Core2 was the first Intel set of chips that had x86_64 instruction set
before (Core microarchitecture), so that's why it's listed as the
minimum - it's the same thing as generic x86_64 support. :-)

> 
> > Secondly, what is the normal case for handling something like this,
> > where an upgrade has enhanced requirements compared to the previous
> > version? Presumably you either need to prevent the upgrade from
> > happening or else accept a broken app.
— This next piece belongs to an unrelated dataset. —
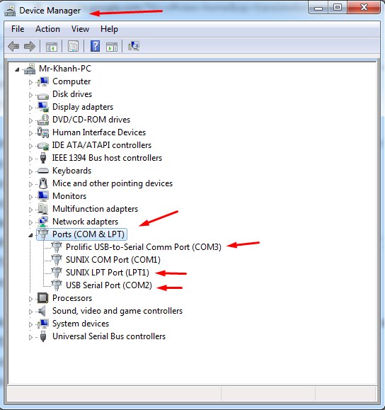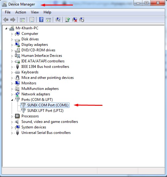 Trên hầu hết các PC có một cổng COM tích hợp duy nhất, cổng sẽ xuất hiện với Windows dưới dạng COM1 tuy nhiên điều này không phải lúc nào cũng đúng. Nếu cân điện tử của bạn sử dụng kết nối USB hoặc nếu bạn đang sử dụng bộ chuyển đổi RS232 sang USB, bạn sẽ cần xác định số cổng COM mà thiết bị được kết nối. Cách tốt nhất để làm điều này là tìm trong Trình quản lý thiết bị Windows trong phần có nhãn "Cổng (COM & LPT)". Phần này sẽ chứa danh sách tất cả các cổng COM được cài đặt trên PC của bạn.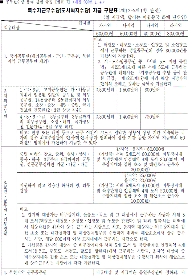 - 하사 ~ 중령: 월 60,000원 (갑, 을지역 동일)

Can the same mechanism not also
> > be used to prevent upgrades using a multi-lib scheme?
> > 
> The case for handling something like this is: Don't do it.  When you package
> something for Fedora (or any distro), you provide an implicit guaratee that it
> will run (or fail gracefully) on all supported systems.  You can add support for
> systems as you go forward, but you can't deprecate support for systems within a
> major release.  That is to say, if something runs on F20 now, its got to keep
> running on F20 for the lifetime of F20.  If it stops running, thats a
> regression, the user opens a bug and you fix it.
> 
> The DPDK is way off the reservation in regards to this.  Application packages,
> as a general rule don't build with specific cpu features in mind, because
> performance, while important isn't on the same scale as what you're trying to do
> in the dpdk.  A process getting scheduled off the cpu while we handle an
> interrupt wipes out any speedup gains made by any micro-optimizations, so theres
> no point in doing so.  The DPDK is different, I understand that, but the
> drawback is that it (the DPDK) needs to make optimizations that really aren't
> considered particularly important to the rest of user space.  I'm trying to
> opportunistically make the DPDK as fast as possible, but I need to do it in a
> single binary, that works on a lowest common demoninator system.
> 
> > > 
> > > 2) Debugging - Its going to be near impossible to support an application built
> > > with a package put together this way, because you'll never be sure as to which
> > > version of the library was running when the crash occured.  You can figure it
> > > out for certain, but for support/development people to need to remember to
> > > figure this out is going to be a major turn off for them, and the result will be
> > > that they simply won't use the dpdk.  Its Anathema to the expectations of linux
> > > user space.
> > 
> > Sorry, I just don't see this as being any harder to support than
> > multiple code paths for the same functionality. In fact, it will surely make
> > debugging easier, since you only have the one code path, just compiled
> > up in different ways.
> > 
> 
> Well, then by all means, become a Fedora packager, an you can take over the DPDK
> maintenece there :).  Until then, you'll just have to trust me.  If you have
> multiple optional code paths (especialy if they're limited to isolated features) 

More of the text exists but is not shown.